- Giteranyi Hospital is located in Burundi Giteranyi Hospital

Geography
- Location: Muyinga Province, Burundi
- Coordinates: 2°31′02″S 30°27′31″E﻿ / ﻿2.5172828°S 30.4586140°E

Organisation
- Care system: Public

History
- Opened: 8 July 2017

Links
- Lists: Hospitals in Burundi

= Giteranyi Hospital =

The Giteranyi Hospital (Hôpital de district sanitaire de Giteranyi) is a hospital in Giteranyi, Muyinga Province, Burundi.

==History==

President Pierre Nkurunziza inaugurated the Giteranyi Health District Hospital on 8 July 2017, one of a series of works carried out on the 55th anniversary of Burundi's independence.
The hospital would meet a pressing need of the people of Muyinga Province.
In September 2020 the hospital asked for tenders to complete the internal medicine block of the hospital.

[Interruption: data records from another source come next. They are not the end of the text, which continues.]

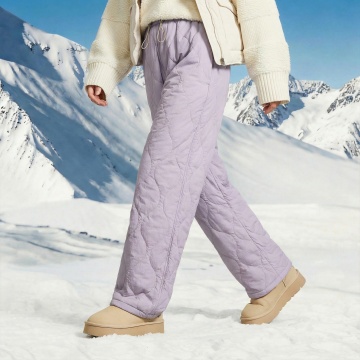 雪域实景中,浅紫绗缝裤搭配米白毛绒外套,柔雾质感与时尚廓形交织,营造舒适清新氛围,展现冬季潮流穿搭美学。
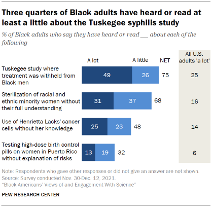 Still, there are ongoing concerns about the potential for research misconduct and accountability. Most Black Americans are familiar with the legacy of past research abuses. Three-quarters of Black Americans know at least a little about the Tuskegee syphilis study, a study conducted by the federal government in which treatment was withheld from Black men.
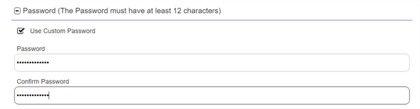 10. If enabled, in the Password section of the page, check the Use Custom Password box and enter and confirm a custom password to use in securing the PFX file. This section only appears if the Allow Custom Password application setting is set to True. The value in the Password Length field in application settings is shown for guidance when entering a password. For more information about both of these settings, see Application Settings: Enrollment Tab.
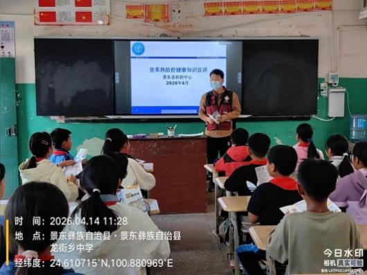 为进一步推进健康校园建设,提升在校师生对碘缺乏病、登革热等重点疾病的防控意识与自我防护能力,景东县疾病预防控制中心地病科于2026年4月14日在龙街乡中心完小开展了专题健康知识讲座。

==Health District Office==

On 18 November 2021 the Minister of Public Health and the Fight against AIDS, Thaddée Ndikumana, inaugurated the Giteranyi Health District Office (Bureau du District Sanitaire de Giteranyi).
UNICEF built the office with funding from GAVI, the Global Alliance for Vaccines and Immunization, for the government of Burundi.
It includes district and supervisors' offices, pharmaceutical stocks, vaccine storage equipment and a meeting room.
The district had been based in buildings loaded by the Muyinga Hospital, in the capital of Muyinga Province.
The district office is closer to health centers in the area, reducing the risk of damage during transport of vaccines and other supplies.